We have aligned the Semantic Arts foundational ontology (gist) with BFO to help these communities.

This paper describes how and why we did this.

Background

An upper ontology is a high-level data model that can be specialized to create a domain-specific data model. A good upper ontology is a force multiplier that can speed the development of your domain model. It promotes interoperability and can be used as the basis for an information system. Two domain models derived from the same upper ontology are far easier to harmonize.
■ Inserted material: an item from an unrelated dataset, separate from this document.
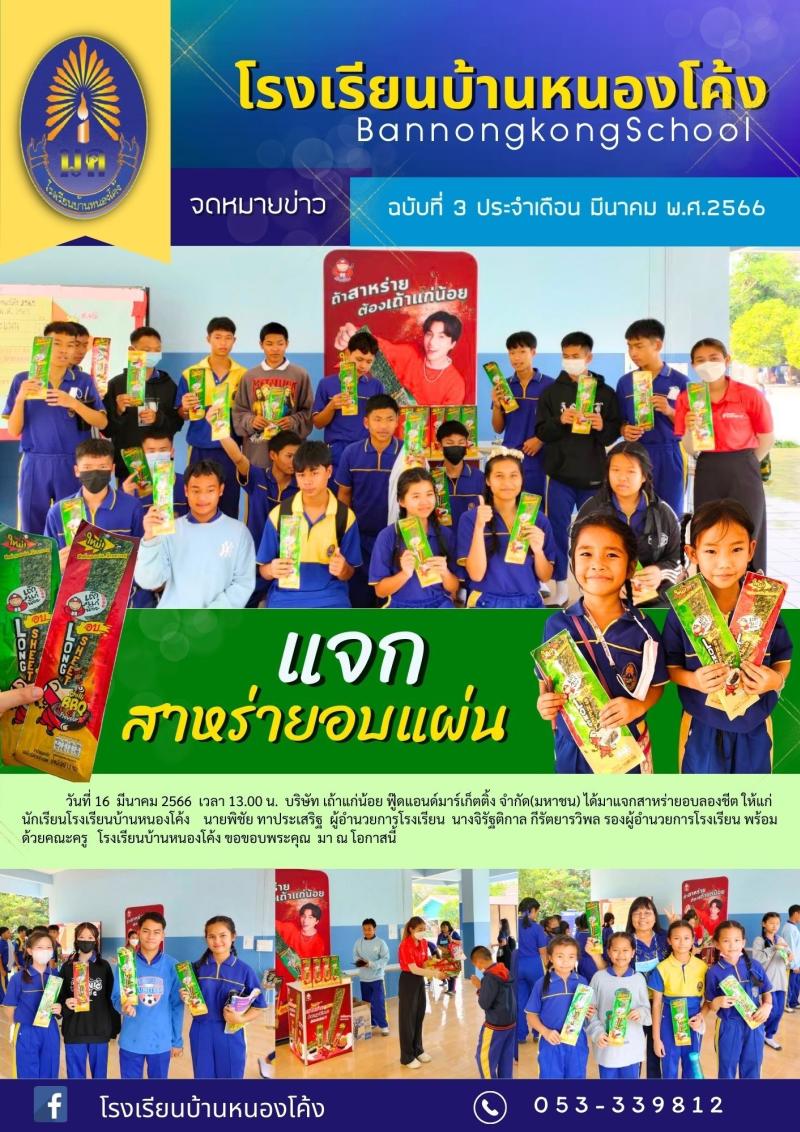 บริษัท เถ้าแก่น้อย ฟู๊ดแอนด์มาเก็ตติ้ง จำกัด(มหาชน) มอบสาหร่ายอบชีต "เถ้าแก่น้อย" ให้นักเรียน

gist (not an acronym, but the word meaning “get the essence of”) is an upper ontology, focused on the enterprise information systems domain. It was initially developed by Semantic Arts in 2007 and has been refined in over 100 commercial implementation projects. It is available for free under a creative commons’ attribution license at https://www.semanticarts.com/gist/

BFO was developed at the University at Buffalo in 2002 and has been used in hundreds of ontology projects and cited in as many papers. The focus has been on philosophical correctness and has been adopted primarily in life sciences and more recently the federal government. It is available https://basic-formal-ontology.org

BFO and gist share a great deal in common:

Simple – the current version of gist has 211 concepts (98 classes and 113 properties). The current version of BFO has 76 concepts (36 classes and 40 properties). We share the belief that the upper ontology should have the fewest concepts that provide the greatest coverage.
Formality – most of the concepts within both ontologies have very rigorous formal definitions. The axioms within BFO are primarily defined in first order logic, which are not available to the owl-based editors and reasoners - but they have developed an owl version. Half of their definitions are simple subsumption. The other half have subclass restrictions that don’t have as much inferential value as equivalent class axioms. BFO is one of the few other ontologies we have come across that makes extensive use of high-level disjoints. It is the combination of formal definitions with high level disjoints that is the best way to detect logical inconsistencies. gist is also highly axiomized. Half of all gist classes have full formal definitions of the equivalent class variety.
Breadth – both BFO and gist were designed to provide covering concepts for the maximum number of domain concepts. A well-designed domain ontology, derived from either starting point, should have few or no classes that are not derived from the upper ontology classes. In the early days of gist, we created some domain classes without derivation. But as we evolved gist we now find “orphans” (classes not descended from gist classes) to be rare. BFO with its high-level abstract classes certainly has the potential to cover virtually all possible domain classes, but in practice we find many BFO compliant ontologies with large numbers of orphan classes.
Active Evolution – both ontologies are in continual use and have active user communities. Both are well organized with major and minor releases including the ability to accept suggestions from users. Both are being used in production systems throughout the world.

Why Now?

In the early days of semantic adoption there were many options for an upper ontology. BFO, Dolce, Sumo and OpenCyc were considered the main contenders.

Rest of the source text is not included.